─── RECORD SET ───

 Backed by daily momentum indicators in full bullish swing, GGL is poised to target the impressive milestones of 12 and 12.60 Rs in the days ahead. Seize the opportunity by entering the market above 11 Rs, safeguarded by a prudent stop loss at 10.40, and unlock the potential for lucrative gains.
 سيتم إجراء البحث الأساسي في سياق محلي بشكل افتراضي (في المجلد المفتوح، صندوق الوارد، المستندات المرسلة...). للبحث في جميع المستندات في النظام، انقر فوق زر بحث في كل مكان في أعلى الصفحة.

───
─── RECORD SET ───

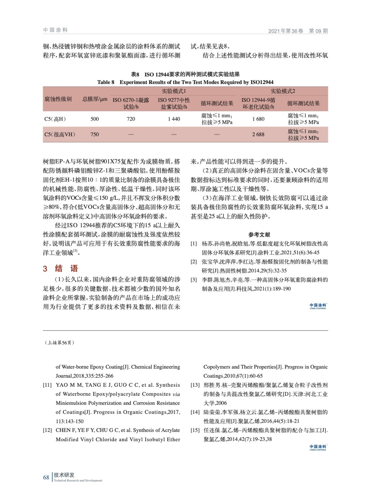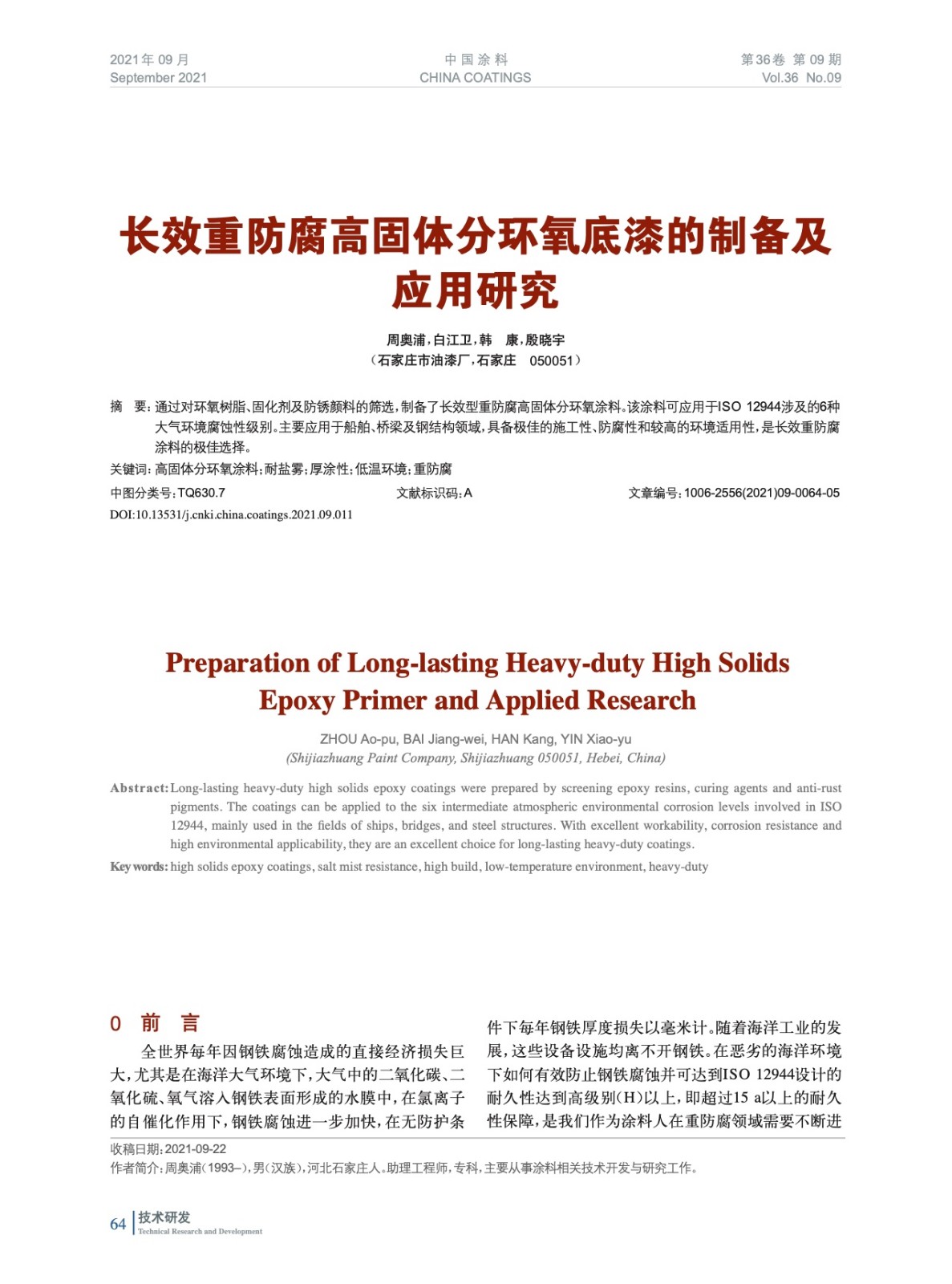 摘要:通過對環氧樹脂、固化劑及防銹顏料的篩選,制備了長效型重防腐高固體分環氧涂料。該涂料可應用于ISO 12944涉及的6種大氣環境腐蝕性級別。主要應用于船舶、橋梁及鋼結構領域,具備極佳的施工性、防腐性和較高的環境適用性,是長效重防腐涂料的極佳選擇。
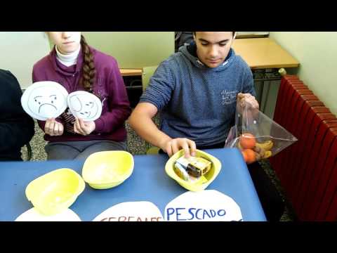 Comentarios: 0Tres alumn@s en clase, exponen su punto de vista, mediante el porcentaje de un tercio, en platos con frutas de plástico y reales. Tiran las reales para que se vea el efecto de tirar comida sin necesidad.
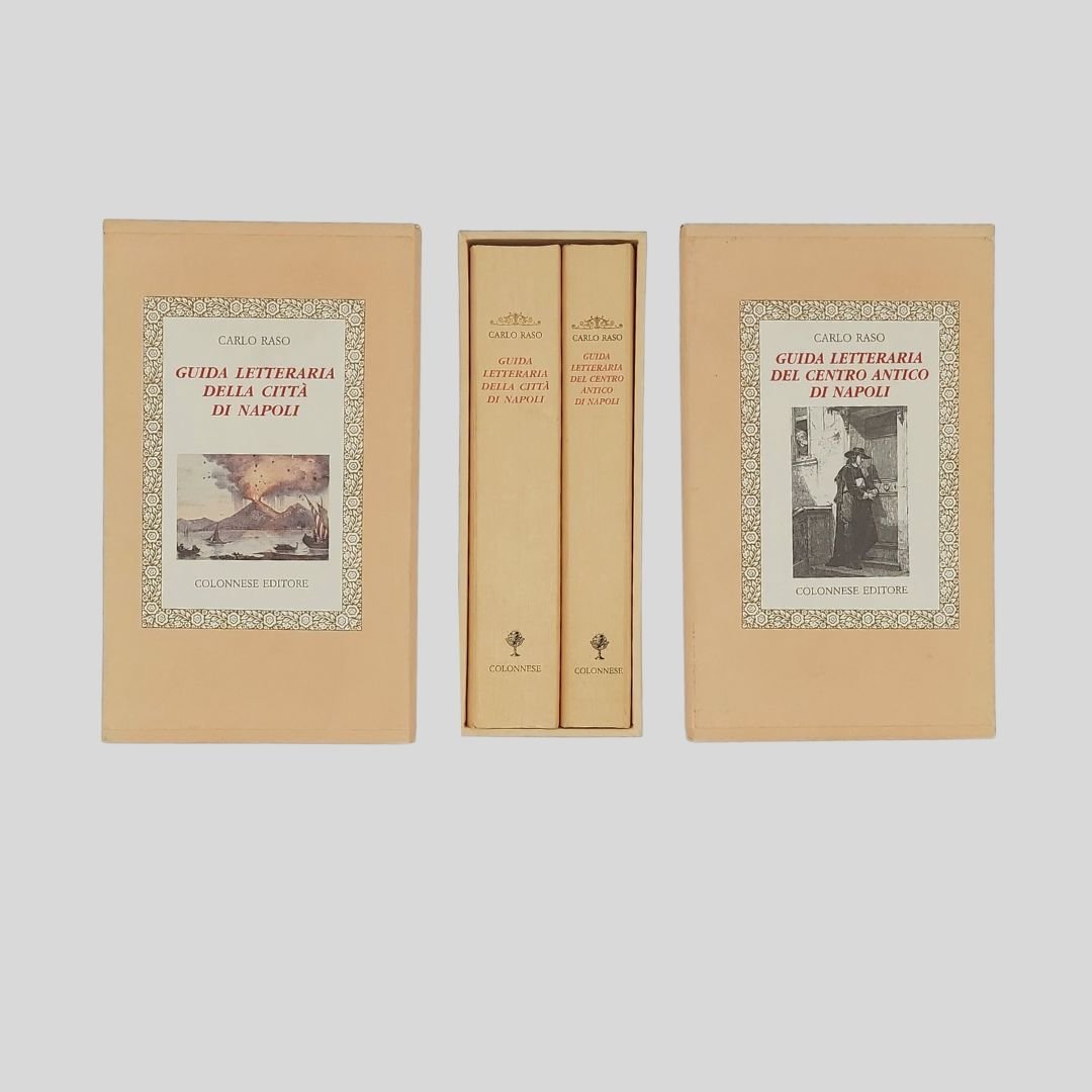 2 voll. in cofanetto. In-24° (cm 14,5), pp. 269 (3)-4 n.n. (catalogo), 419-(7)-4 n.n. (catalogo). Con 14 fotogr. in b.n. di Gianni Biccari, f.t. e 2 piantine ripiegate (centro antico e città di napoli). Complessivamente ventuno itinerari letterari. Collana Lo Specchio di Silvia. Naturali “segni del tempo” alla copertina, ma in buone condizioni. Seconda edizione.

───

WORK ORDER
Using the material above, transcribe exactly the lines from the one holding "摘要:通過對環氧樹脂、固化劑" to the one holding "2 voll. in cofanetto.", both ends kept. Do not carry over any pictures.

ANSWER TO THIS PROBLEM
 摘要:通過對環氧樹脂、固化劑及防銹顏料的篩選,制備了長效型重防腐高固體分環氧涂料。該涂料可應用于ISO 12944涉及的6種大氣環境腐蝕性級別。主要應用于船舶、橋梁及鋼結構領域,具備極佳的施工性、防腐性和較高的環境適用性,是長效重防腐涂料的極佳選擇。
 Comentarios: 0Tres alumn@s en clase, exponen su punto de vista, mediante el porcentaje de un tercio, en platos con frutas de plástico y reales. Tiran las reales para que se vea el efecto de tirar comida sin necesidad.
 2 voll. in cofanetto. In-24° (cm 14,5), pp. 269 (3)-4 n.n. (catalogo), 419-(7)-4 n.n. (catalogo). Con 14 fotogr. in b.n. di Gianni Biccari, f.t. e 2 piantine ripiegate (centro antico e città di napoli). Complessivamente ventuno itinerari letterari. Collana Lo Specchio di Silvia. Naturali “segni del tempo” alla copertina, ma in buone condizioni. Seconda edizione.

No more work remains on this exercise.